Shorts Scramble in Tin Squeeze on London Metal Exchange
Eric Onstad and Harpreet Bhal
London. Holders of short positions in tin on the London Metal Exchange (LME) scrambled to cover on Wednesday, facing off against a party holding up to 80 percent of combined nearby futures and stocks amid tight availability that may bring further squeezes.
It was unclear who was holding the large position. The LME declines to identify clients and several traders said they did not know either.
The cost to roll over a short position in the metal, mainly used for solder in the electronics industry, soared to levels not seen since February.
“The tin market is a tight one and this [dominant] long has been building for some time,” said a London tin trader. “The market remains tight fundamentally and people are taking a view on that.”
The big long holder may be a party combining a natural long position to supply metal with speculative futures, traders said.
The “tom/next” spread, which represents the cost of rolling over an expiring position to the following day, spiked as high as $25, the most expensive in six months and compared with zero at the end of the day on Tuesday.
One party had amassed a combined position of stocks, cash and tomorrow positions totaling 50-80 percent of total inventories, LME data showed.

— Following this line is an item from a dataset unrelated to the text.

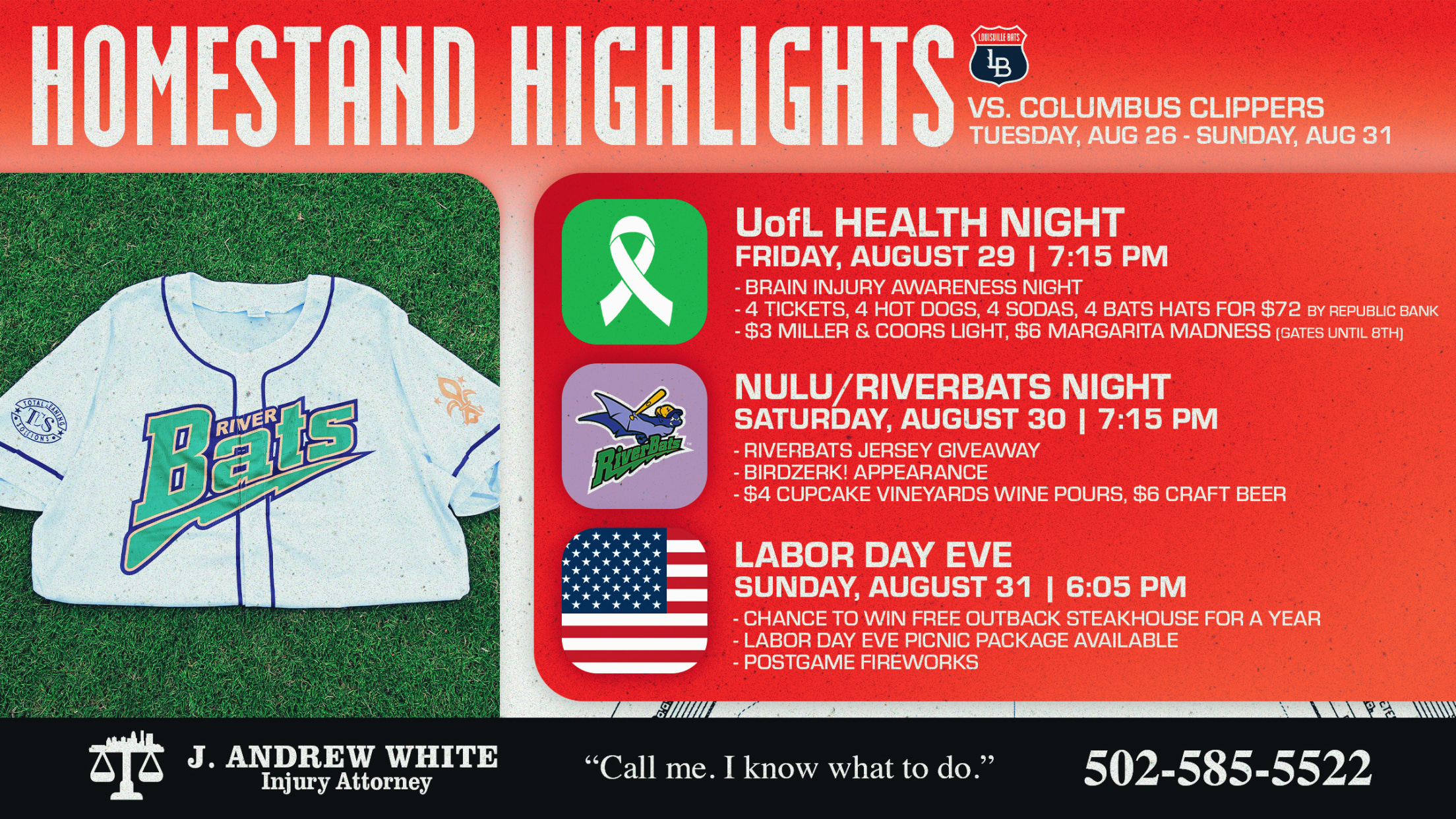 - RiverBats Replica Jersey Giveaway: The first 1,500 fans through the gates will receive a home white throwback RiverBats replica jersey, presented by Total Cleaning Solutions.

The exchange imposes restrictions when a position surpasses 50 percent and is classified as “dominant” by capping the level the long-holder can charge shorts to roll over positions. Prices are still far below levels where the exchange would intervene.
Other data showed several parties made substantial bets on lower prices — four shorts in September futures held positions each accounting for 5-9 percent of the total and one short had a large position of 10-19 percent.
While the tightness in nearby spreads is due to dissipate as the September contract expires, there is potential for tightness to reappear.
“This is not a time to be short of either tin outright or tin spreads in case it boils up again,” a second trader said. “There are significant long positions in the market for October and November and we don’t know to what extent consumers are running short on supplies given the lack of availability of LME unencumbered warrants.”
Low Stocks
Inventories of tin registered by the London Metal Exchange have nearly halved over the past year to 11,955 tons.
The amount of metal available for consumers, however, is much lower because much of the stocks have already been cancelled or earmarked for delivery.
The amount of stocks due to be taken out of warehouses is 56 percent of the total, leaving only 5,245 tons.
Nearly all the tin inventories are in Johor, Malaysia, where there is a bottleneck so consumers have to wait for months to get deliveries of metal.
The underlying tightness is among the most severe of the LME base metals.
Tin and copper are the only LME metals with forecast market deficits this year and tin is the only one of the six main industrial metals on the LME with a forecast deficit for 2013.
According to a poll of analysts by Reuters, the tin market is due to have a deficit 4,636 tons this year, with the shortfall trimmed slightly to 4,091 tons in 2013.
“If you look at its available supply, it is very little, the stockpiles are low, cancelled warrants are high,” said Nic Brown, head of commodities research at Natixis in London.
Warrants are ownership documents for inventories.
Benchmark three-month tin prices on the LME have shed slightly more than a third since touching a record peak of $33,600 a tonne in April last year and was trading at $21,350 on Wednesday afternoon.
“If you get a boost in Chinese economic growth, then tin prices can go up quite sharply. And we wouldn’t be at all surprised to see them starting with a three rather than a two in the not too distant future,” Brown said.
Implied tin demand in top metals consumer China is up 8 percent for the first seven months of the year.
Any price rise in three-month futures may be capped by Indonesian producers stepping up sales at higher prices, traders said.
Indonesia smelters temporarily halted production last month in an effort to boost weak prices, but last week had resumed operations.
Shipments of refined tin from Indonesia in August fell to 5,645.87 tons, down 32 percent compared with July.
“There will be producer activity above $25,000 so I’m not anticipating that the price is going to run away,” the second trader said.